Because of this the gain we get is kind of limited and it really depends on how strong the RF signal is to begin with.

Now on top of that the effective gain we see is also affected by how the circuit is designed specifically as a detector. This means that in this case it is less about traditional amplification and more about how sensitive the circuit is to detecting signals.

The gain calculation for this type of circuit can be simplified to:

Gain ≈ β * (R1 / V_T)

In this case, with R1 = 470 Ω and β ≈ 200:

Gain ≈ 200 * (470 / 0.026) ≈ 3,615,385.

CMOS Circuit using IC 4001

The next diagram below depicts another simplified RF detector circuit based on an IC that you might enjoy playing with.

Touching or keeping your hand on top the antenna will flip the LED red to green, or opposite; it could also become yellow or orange, or even switch off completely.

All sorts of RF interference such as RF from mobile phones, thunder lightening, AC hum all can cause the LEDs to flicker in response to these interference.

The extraordinarily high input impedance of CMOS integrated circuits is used in this design. It also demonstrates why such a CMOS inputs must never be left disconnected; electrical noise can trigger highly unpredictable performance.

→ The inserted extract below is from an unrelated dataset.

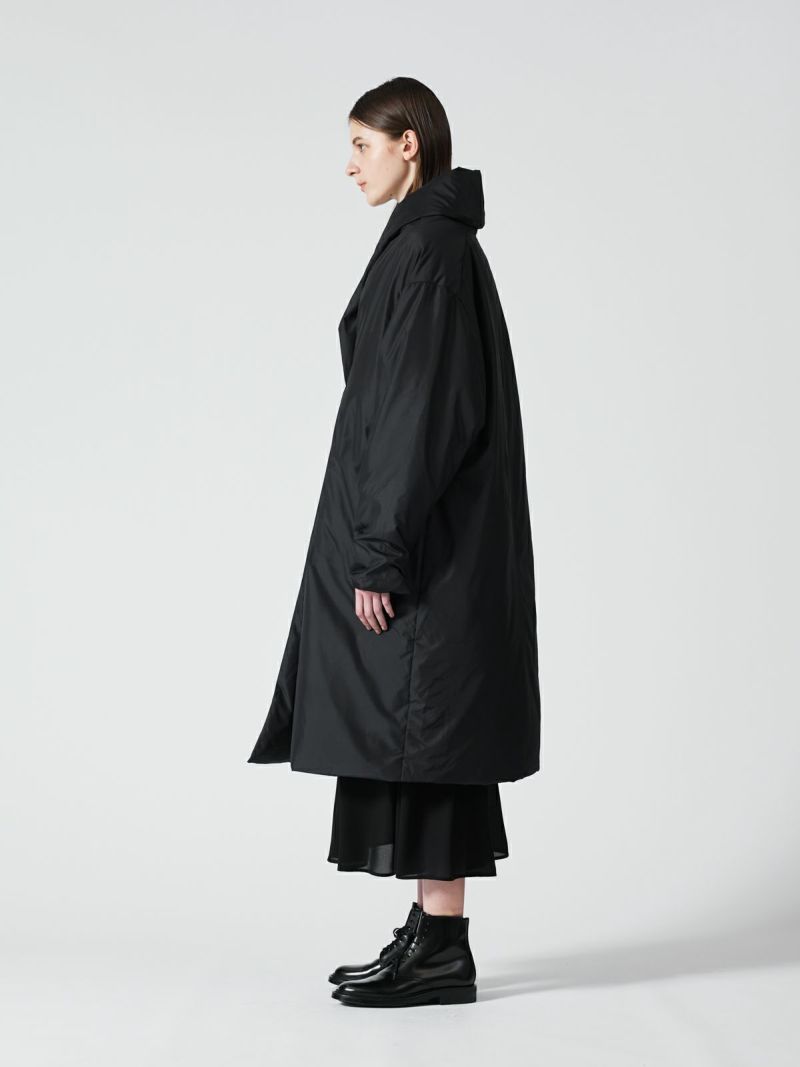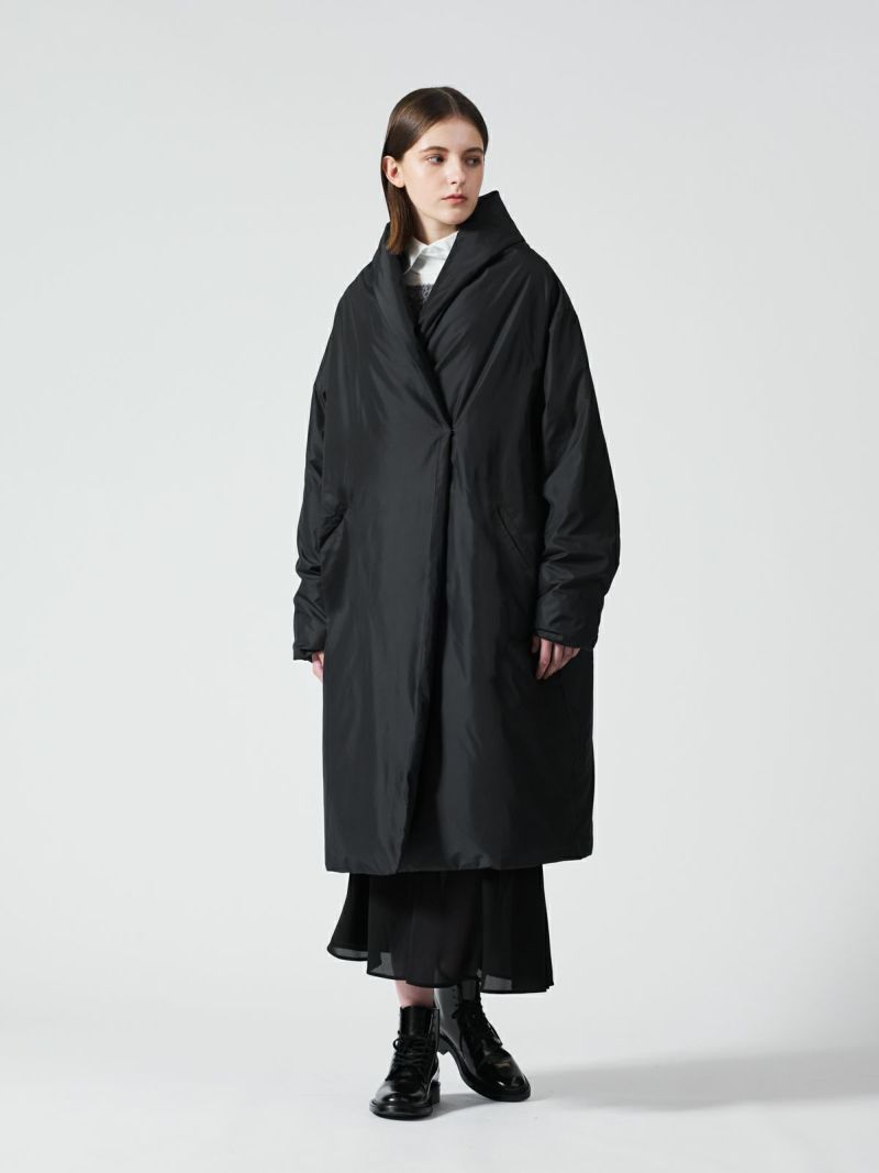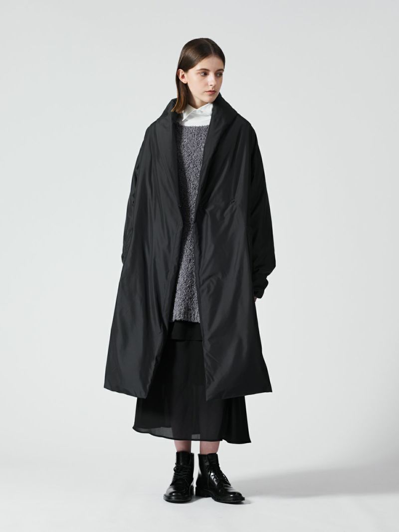 mizuiro indの定番となった人気のドレープライトダウンコートがアップグレードして再登場。ポケットがフロント仕様からサイドタイプに変わり、着膨れ感なくすっきり着用していただけるシルエットに仕上げました。マットなウォーム感のある光沢とタッチ、軽さと暖かさを兼ね備えたシックな雰囲気が印象的で、色々なコーディネートによく合う1枚。スナップボタンなので悴んだ指先でも留めやすい仕様になっています。マフラー無しでも首元を暖かく覆ってくれるかっこいいデザインが特徴。寒い冬の季節に暖かく身を包んでくれるmizuiro indおすすめの1枚です。今季はシックなチャコールグレーとブラックの2色展開です。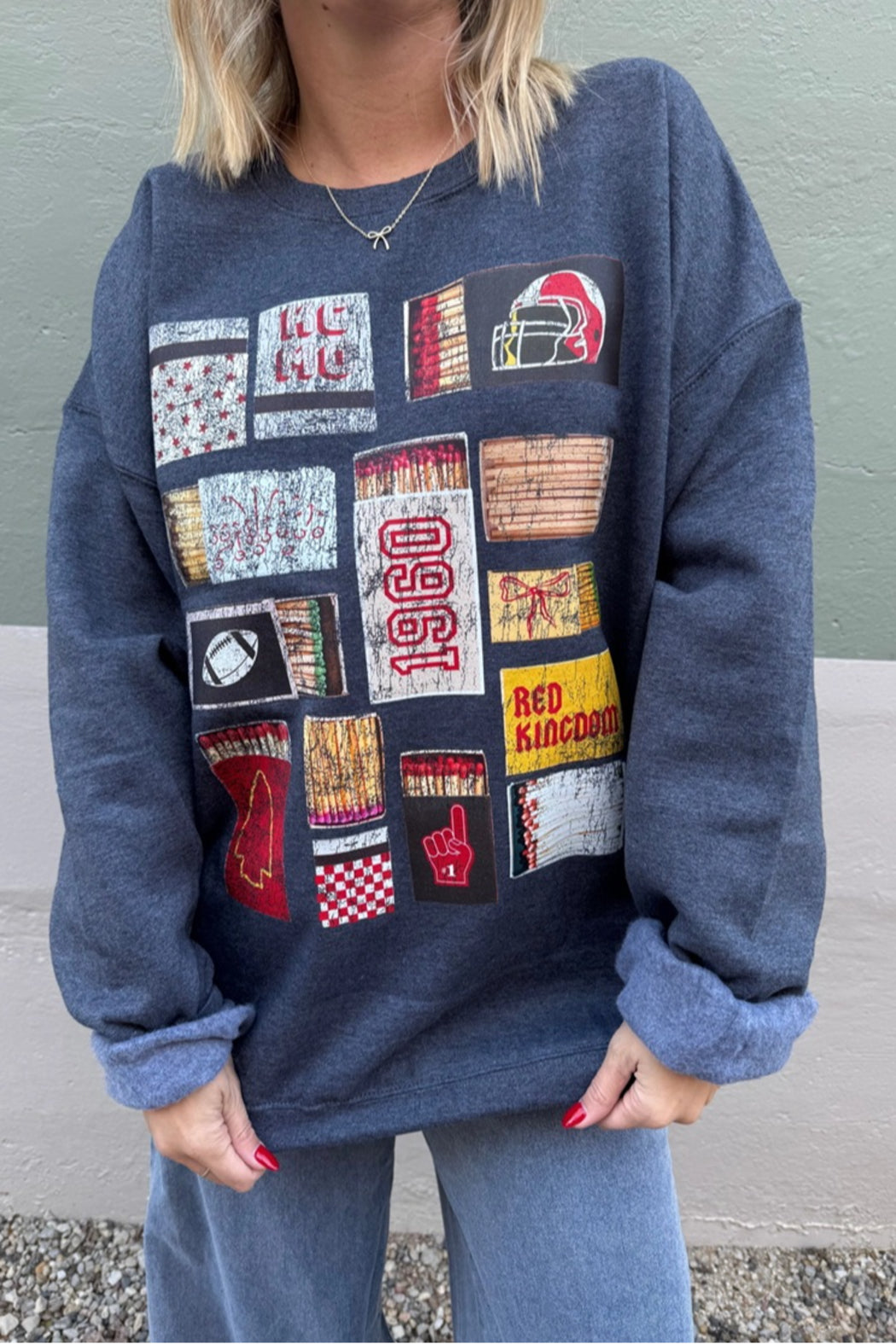 This darling KC Matchbox Graphic Sweatshirt is perfect for some laid-back team spirit in between all-out gameday outfits. Made in a soft, fleece-backed knit with long sleeves and a roomy, slightly oversized silhouette. It’s perfect for cozying up at home or casual weekends while adding a playful, retro touch to layered looks.

On dry seasons with an abundance of static electricity in the surrounding, you might expect to obtain the most fascinating results.

100 MHz RF Detector

This circuit is capable of detecting signals up to 100 MHz, depending on the value of L1. Use a 100 µH choke for signals between 30 and 100 MHz, a 1000 µH choke for frequencies between 2 and 30 MHz, and a 2.5 µH choke for signals below 3 MHz. In the circuit, the FET serves as a wideband amplifier.